→ **Data for review**:
>>>>
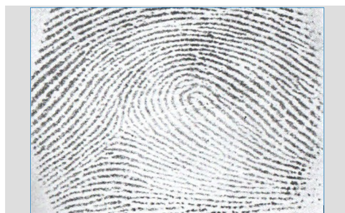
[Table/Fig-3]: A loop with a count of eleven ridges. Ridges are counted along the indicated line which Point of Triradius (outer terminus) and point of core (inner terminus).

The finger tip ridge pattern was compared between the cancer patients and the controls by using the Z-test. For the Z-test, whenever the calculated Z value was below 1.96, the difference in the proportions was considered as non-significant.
<<<<
>>>>
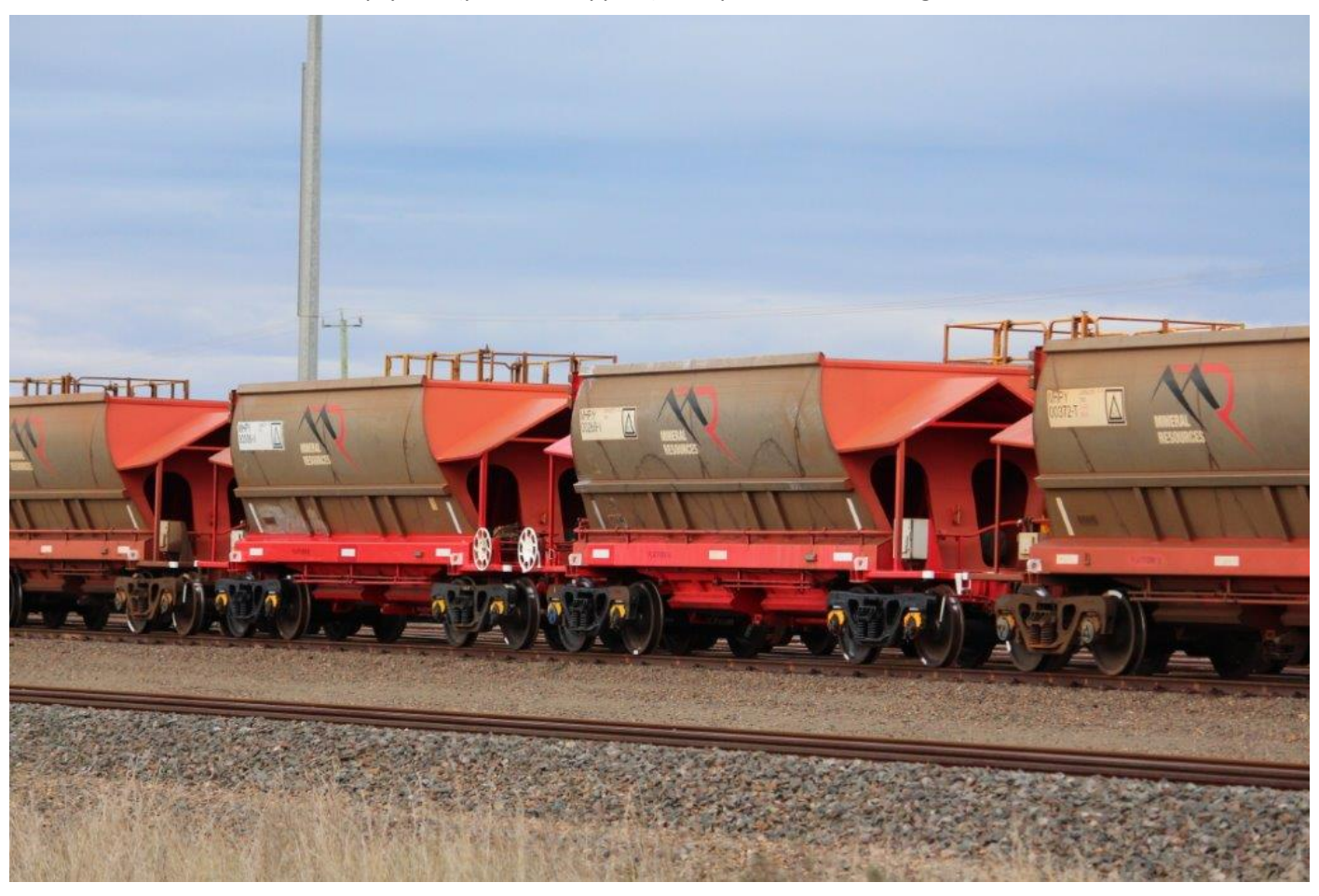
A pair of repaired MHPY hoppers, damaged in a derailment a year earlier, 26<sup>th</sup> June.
<<<<
>>>>
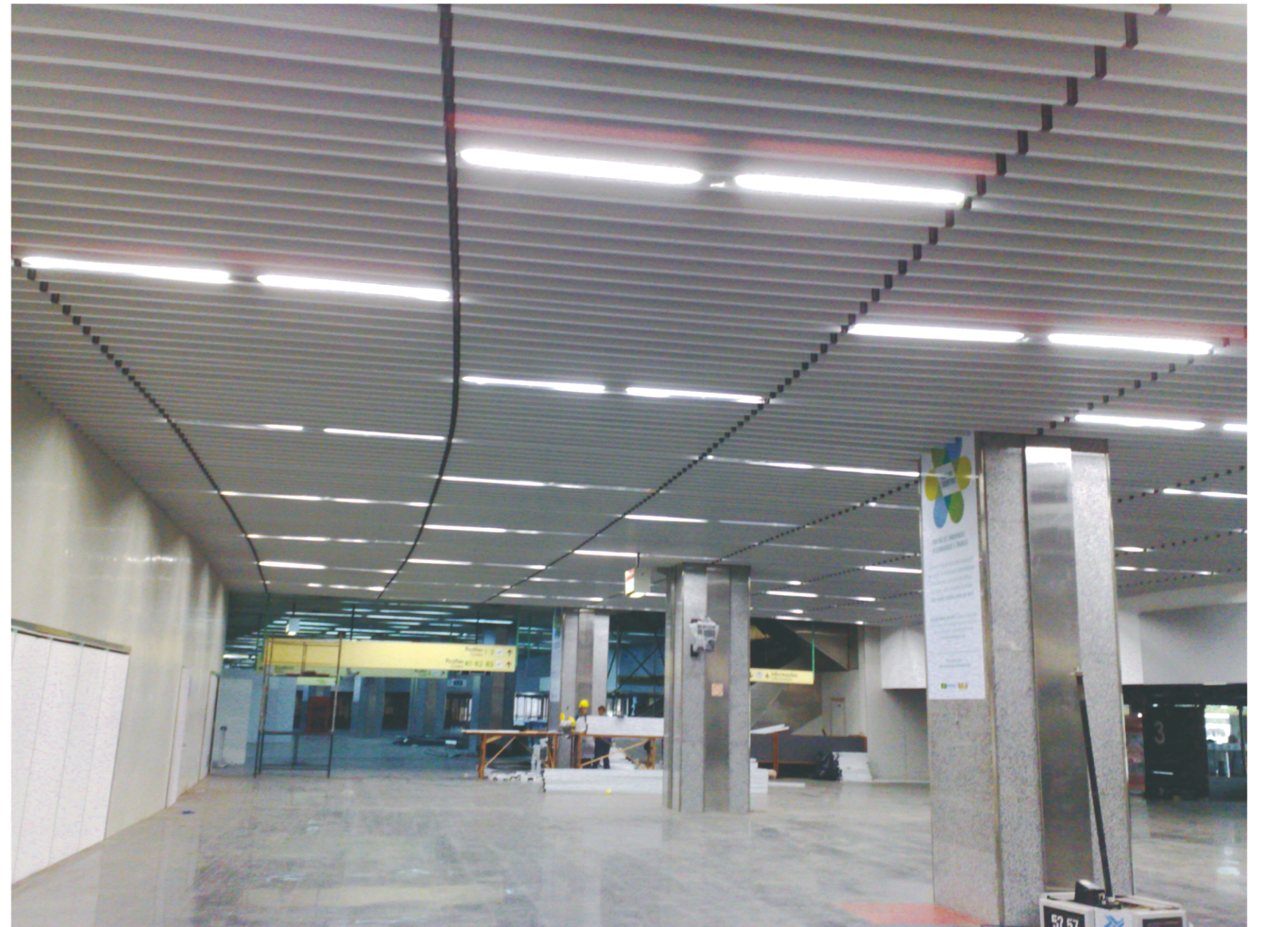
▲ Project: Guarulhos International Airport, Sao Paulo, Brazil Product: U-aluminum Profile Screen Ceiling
<<<<
→ **Assigned task**:
In the listing above, find the line with "[Table/Fig-3]: A loop" and the line with "The finger tip", then reproduce both and every line between them exactly.

→ **Answer for this exercise**:
[Table/Fig-3]: A loop with a count of eleven ridges. Ridges are counted along the indicated line which Point of Triradius (outer terminus) and point of core (inner terminus).

The finger tip ridge pattern was compared between the cancer patients and the controls by using the Z-test. For the Z-test, whenever the calculated Z value was below 1.96, the difference in the proportions was considered as non-significant.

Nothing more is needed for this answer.